需要说明的是,本申请的说明书和权利要求书及上述附图中的术语 “第一”、“第二”等是用于区别类似的对象,而不必用于描述特定的顺序或先后次序。应该理解这样使用的数据在适当情况下可以互换,以便这里描述的本申请的实施例能够以除了在这里图示或描述的那些以外的顺序实施。此外,术语“包括”和“具有”以及他们的任何变形,意图在于覆盖不排他的包含,例如,包含了一系列步骤或单元的过程、方法、系统、产品或设备不必限于清楚地列出的那些步骤或单元,而是可包括没有清楚地列出的或对于这些过程、方法、产品或设备固有的其它步骤或单元。

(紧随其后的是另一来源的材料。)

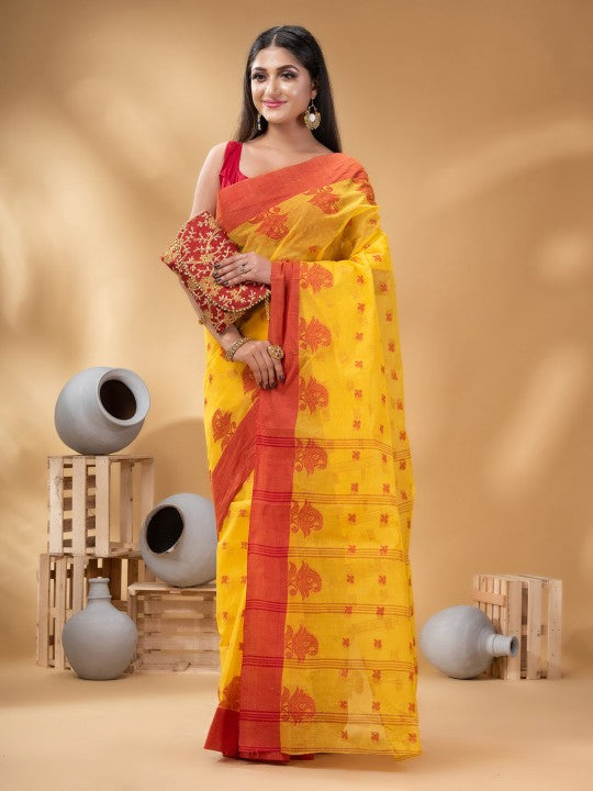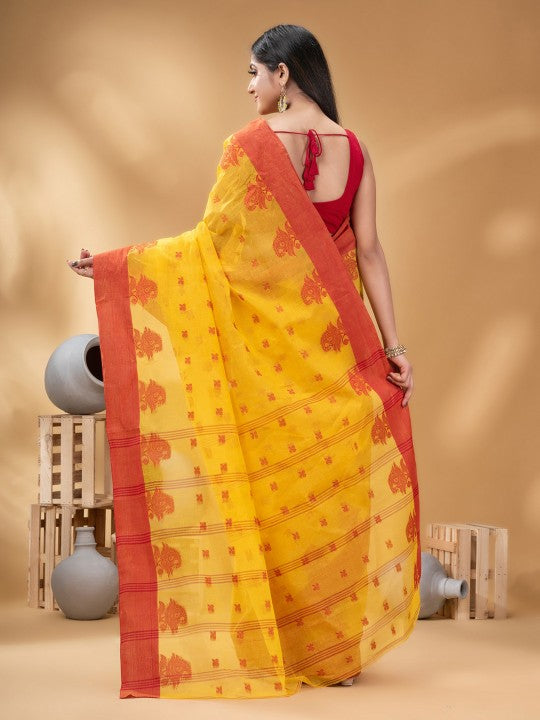 Buy DESH BIDESH Ethnic Motifs Woven Design Pure Cotton Taant Saree - Sarees for Women from DESH BIDESH at Rs. 1209. Style ID: 24933304. Yellow and red taant saree. Ethnic motifs woven design saree with woven design border. The saree does not come with a blouse piece. The model is wearing a blouse for modelling purpose only.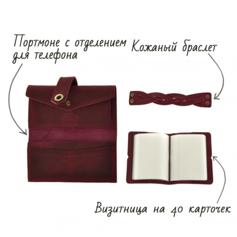 | Размер (см) | портмоне (10х19 см), кард-кейс (8х11 см), браслет (3,5х20,5 см), открытка (10х15 см) |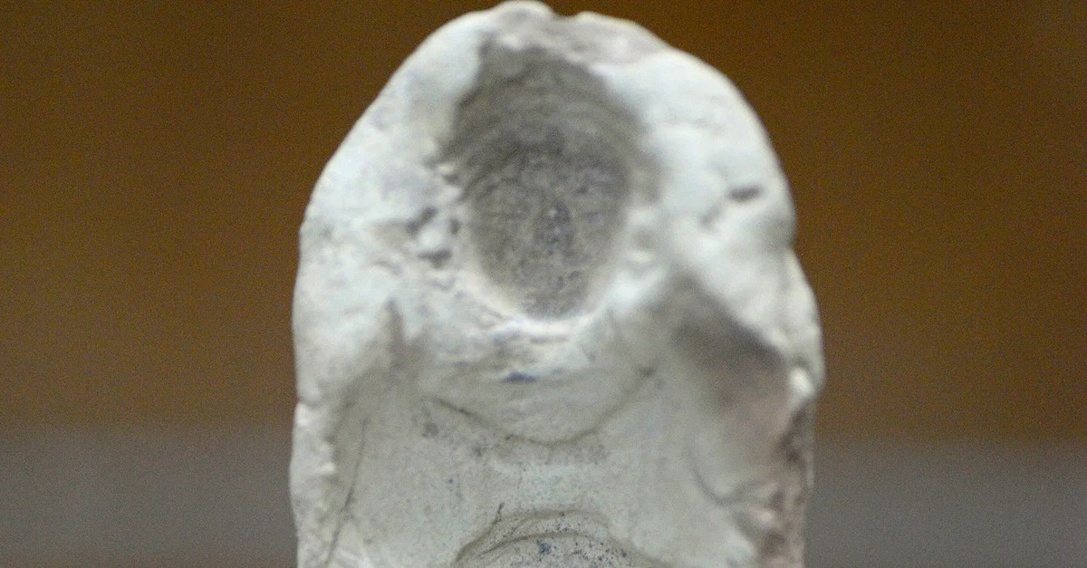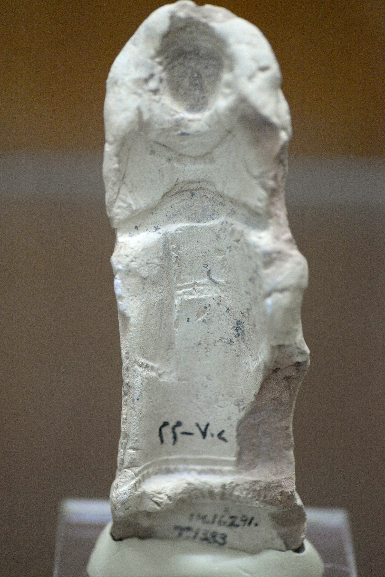 Clay mold which was used for making a woman's figurine. The woman is naked and she stands and holds her breasts by her hands. From Mesopotamia, modern-day Iraq. Old Babylonian period, 2003-1959 BCE. The Sulaymaniyah Museum, Iraq.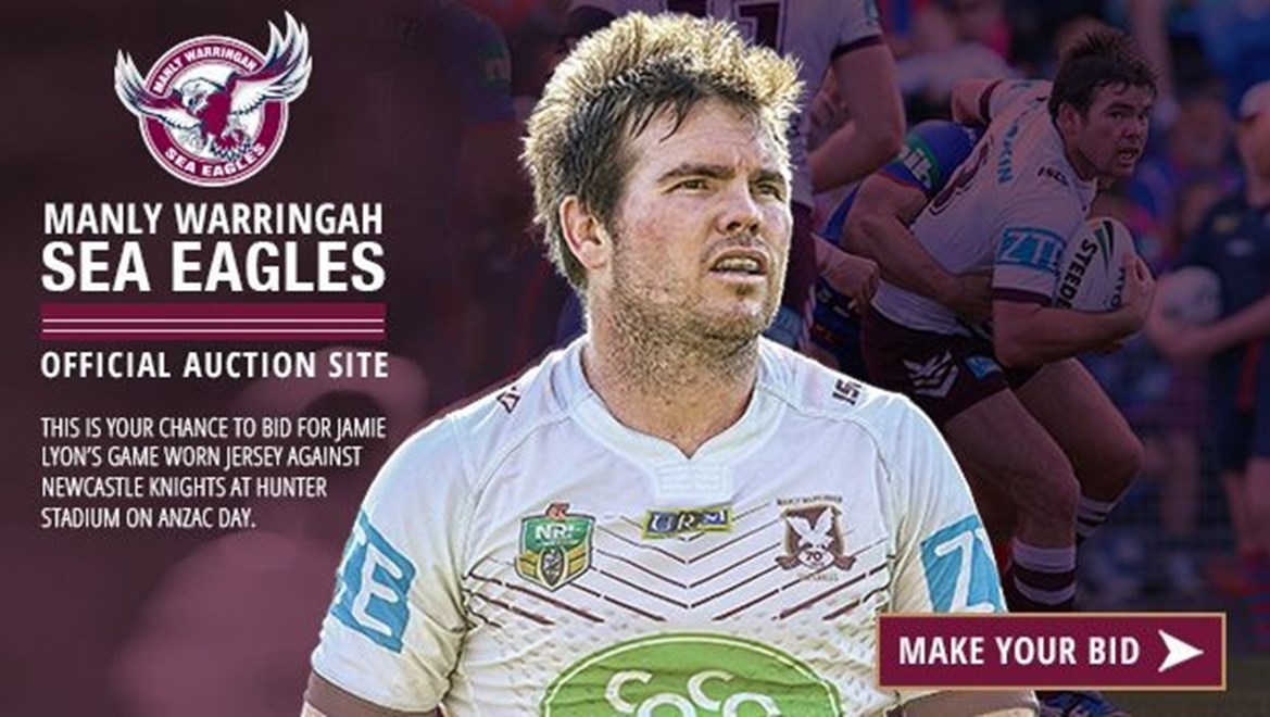 To celebrate the wonderful career of Manly centre Jamie Lyon, the Sea Eagles are giving supporters the chance to bid on one of his game worn jerseys.
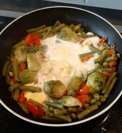Die Bohnen waschen und putzen, dann in mundgerechte Stücke schneiden und für 5 – 6 Minuten in einem Topf mit kochendem Wasser garen. Dann abgießen und im Sieb abtropfen lassen. Frischen Rosenkohl putzen, die welken Blätter entfernen und dann halbieren. Tiefgekühlten Rosenkohl auftauen lassen, halbieren. Frische Erbsen aus der Schote herauslösen, tiefgekühlte Erbsen auftauen lassen. Paprika halbieren und in mundgerechte Stücke schneiden. Die Schalotte schälen und fein würfeln.Olivenöl in der Pfanne erhitzen und Schalottenwürfel anschwitzen. Nun die Bohnen, Rosenkohl, Erbsen und Paprika dazugeben und alles rundum braten. Das Gemüse mit Salz und Pfeffer würzen. In der Pfanne mittig etwas Platz machen und dort die Eier hineingeben. Eier braten, nach Belieben die Pfanne mit einem Deckel verschließen, so werden die Eier auch an der Oberseite schneller gar. Spiegeleier würzen und alles heiß in der Pfanne servieren.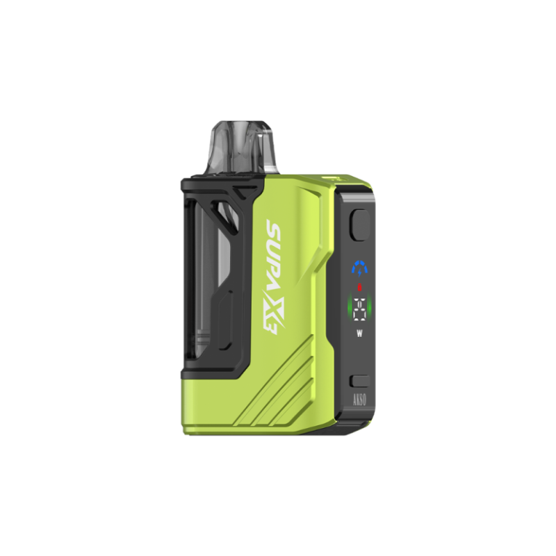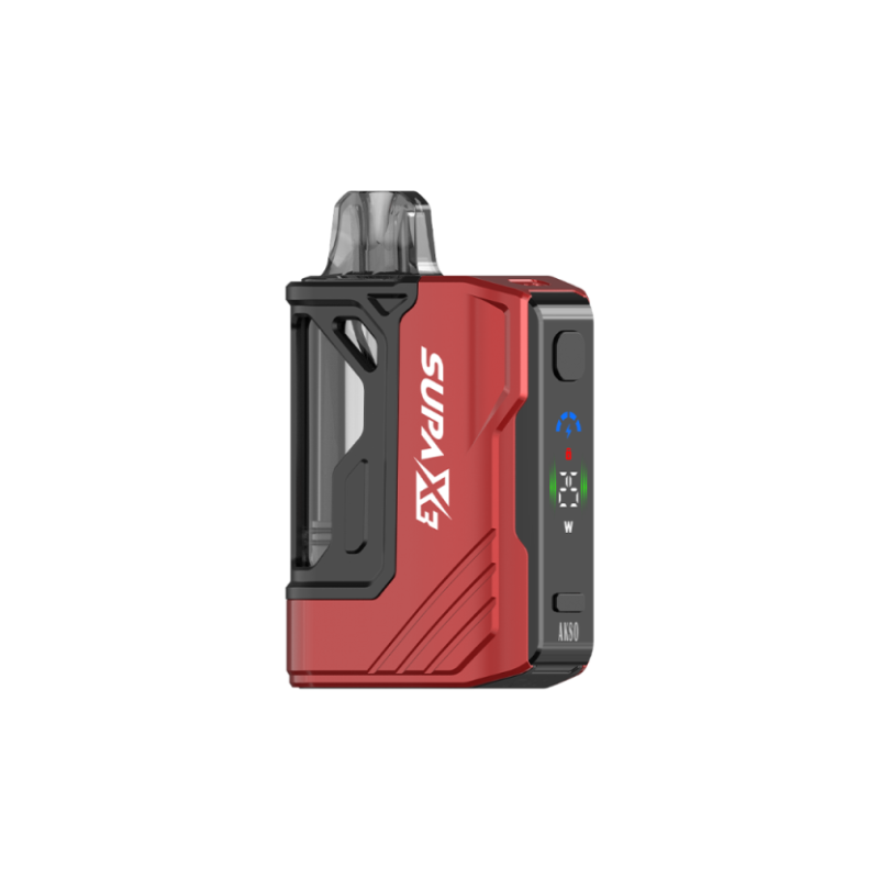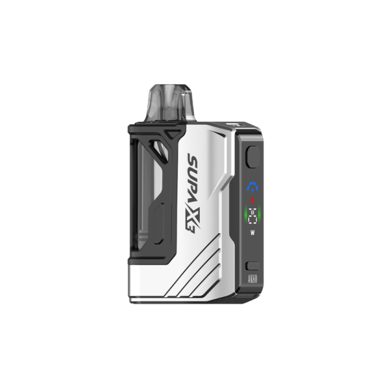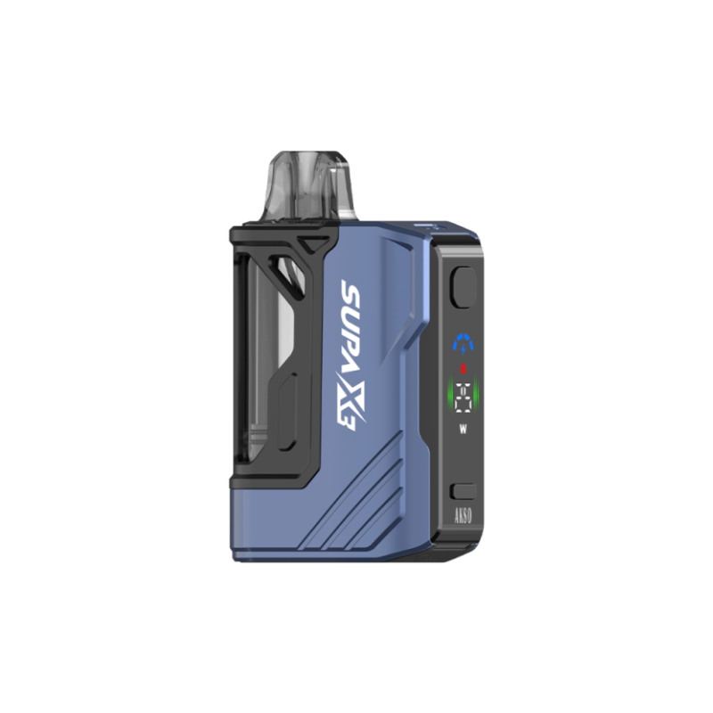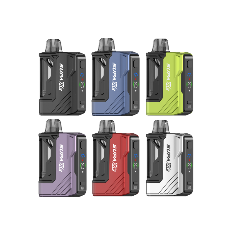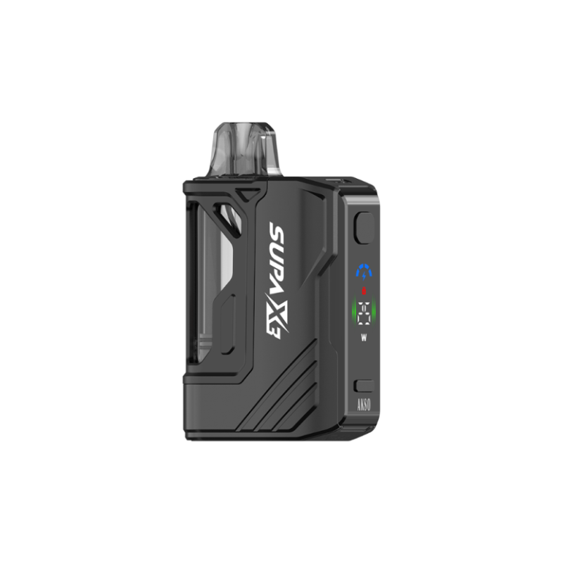 Equipped with a built-in 1000mAh battery and delivering up to 25W of power, the Supa X3 Kit is an Open System Pod with a replaceable Double Mesh Coil cartridge that can hold up to 20mL of liquid and is refillable from the side.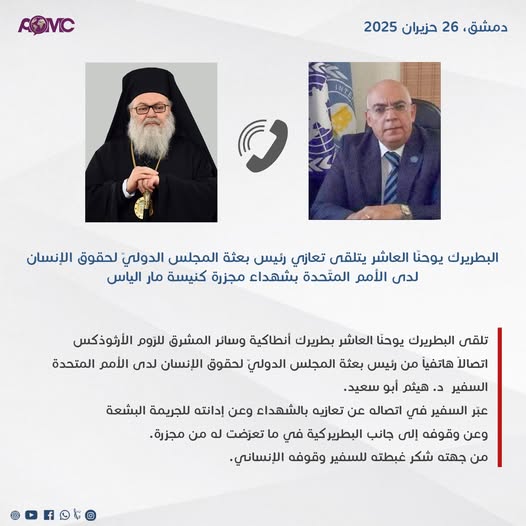 تلقى البطريرك يوحنا العاشر بطريرك أنطاكية وسائر المشرق للروم الأرثوذكس اتصالاً هاتفياً من رئيس بعثة المجلس الدولي لحقوق الإنسان لدى الأمم المتحدة السفير د. هيثم أبو سعيد. عبر السفير في اتصاله عن تعازيه بالشهداء وعن إدانته للجريمة البشعة وعن وقوفه إلى جانب البطريركية في ما تعرضت له من مجزرة. من جهته شكر غبطته للسفير وقوفه الإنساني.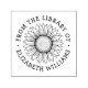 From the library of or this book belongs to rubber stamp with a drawing of a beautiful sunflower at the center and your custom text and name in a whimsical serif font.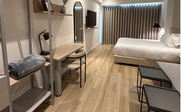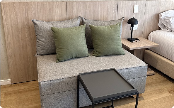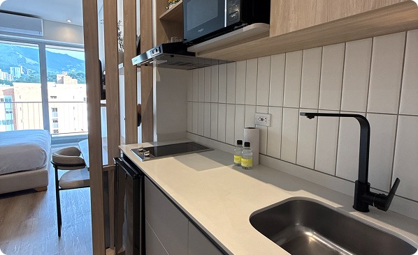 The apartment features air-conditioning, a kitchenette, balcony with city views, private bathroom, kitchen, coffee machine, dining area, sofa bed, and free toiletries. Additional amenities include a work desk, microwave, TV, and toaster.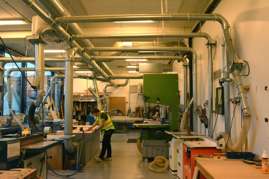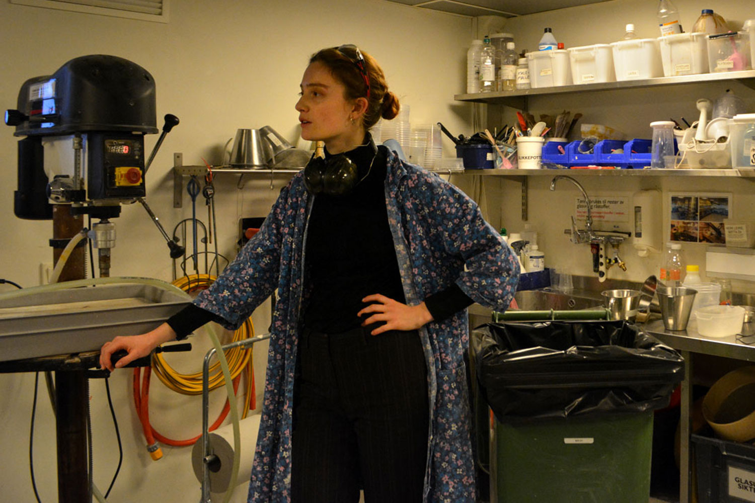 Fra ett verksted til det neste, fulle av verktøy og materialer. Mulighetene tar aldri slutt. Det kryr ikke av studenter, men det er noen i nesten hvert rom. Fra et rom til et annet forandrer lyden, lukten og luften seg. Studentene beskriver det som sin egen lille verden, her nede i kjelleren på Kjeller.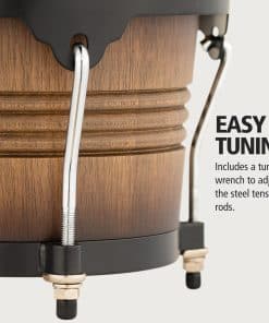 Los bongos de madera de la serie Marathon FWB190 de MEINL Free Ride son perfectos para el principiante ambicioso y para aquellos que buscan un set asequible que tiene características profesionales excepcionales. El Sistema de Suspensión Free Ride patentado por MEINL significa que los tambores están unidos sin agujeros perforados en los cascos. Esto maximiza la cantidad de resonancia y tonos cálidos que se sabe que produce la madera de goma. Todos los soportes y monturas de bongos de MEINL están equipados para sujetar de forma segura el sistema de montaje Free Ride en su lugar. Los bongos de madera de la serie Marathon están equipados con parches de piel de búfalo seleccionados a mano que producen agudos nítidos con tonos cálidos, y son fácilmente ajustables. Se incluye una llave de afinación, bolsa de accesorios y aceite de mantenimiento. Combinados con cualquier Conga de MEINL, estos bongos son un gran comienzo o complemento para tu configuración de percusión! El Soporte de Bongo Profesional de Meinl (Modelo TMB-S) para músicos sentados también te permitirá instalarlos cómodamente con tu kit de batería.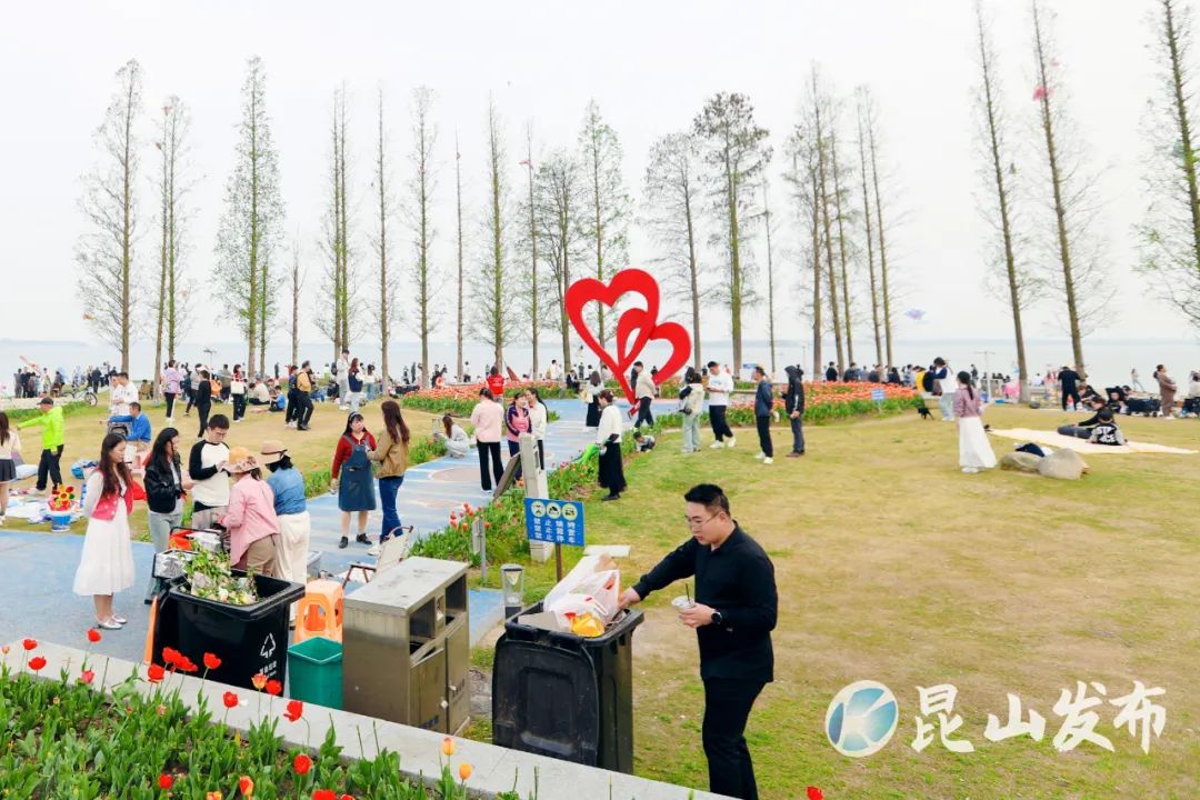 ▲淀山湖环湖大道,游客主动将垃圾投入垃圾桶

首先,在对本申请实施例进行描述的过程中出现的部分名词或者术语适用于如下解释:
卷积神经网络(Convolutional Neural Network,CNN)是一种前馈神经网络,它的人工神经元可以响应一部分覆盖范围内的周围单元,对于大型图像处理有出色表现,它主要包括卷积层和池化层。
Adaboost:一种迭代算法,可用于针对同一训练集训练不同的分类器,然后将这些分类器集合起来构成一个更强的分类器。
根据本申请实施例,提供了一种人脸区域的确定方法的方法实施例。
可选地,在本实施例中,上述人脸区域的确定方法可以应用于如图2所示的由服务器202和终端204所构成的硬件环境中。如图2所示,服务器202通过网络与终端204进行连接,上述网络包括但不限于:广域网、城域网或局域网,终端204并不限定于PC、手机、平板电脑等。
例如,对于需要进行人脸区域识别的终端,可以直接在终端上集成本申请的方法所提供的人脸识别功能,或者安装用于实现本申请的方法的客户端,这样,终端在接收到用于请求在目标图片中定位出人脸区域的定位请求时,通过卷积神经网络对目标图片进行人脸定位操作,得到定位结果,卷积神经网络用于调用图形处理器对目标图片进行卷积操作,人脸定位操作包括卷积操作;在定位结果用于表示目标图片中定位出存在人脸区域的情况下,返回定位结果。
再如,本申请所提供的方法还可以软件开发工具包SDK(Software Development Kit)的形式运行在服务器等设备上,以SDK的形式提供给应用使用,提供人脸区域识别功能的接口,其它设备通过提供的接口即可实现人脸区域的识别。服务器在接收到其它设备通过该接口发送的定位请求时,通过卷积神经网络对目标图片进行人脸定位操作,得到定位结果,卷积神经网络用于调用图形处理器对目标图片进行卷积操作,人脸定位操作包括卷积操作;在定位结果用于表示目标图片中定位出存在人脸区域的情况下,返回定位结果给发起请求的设备。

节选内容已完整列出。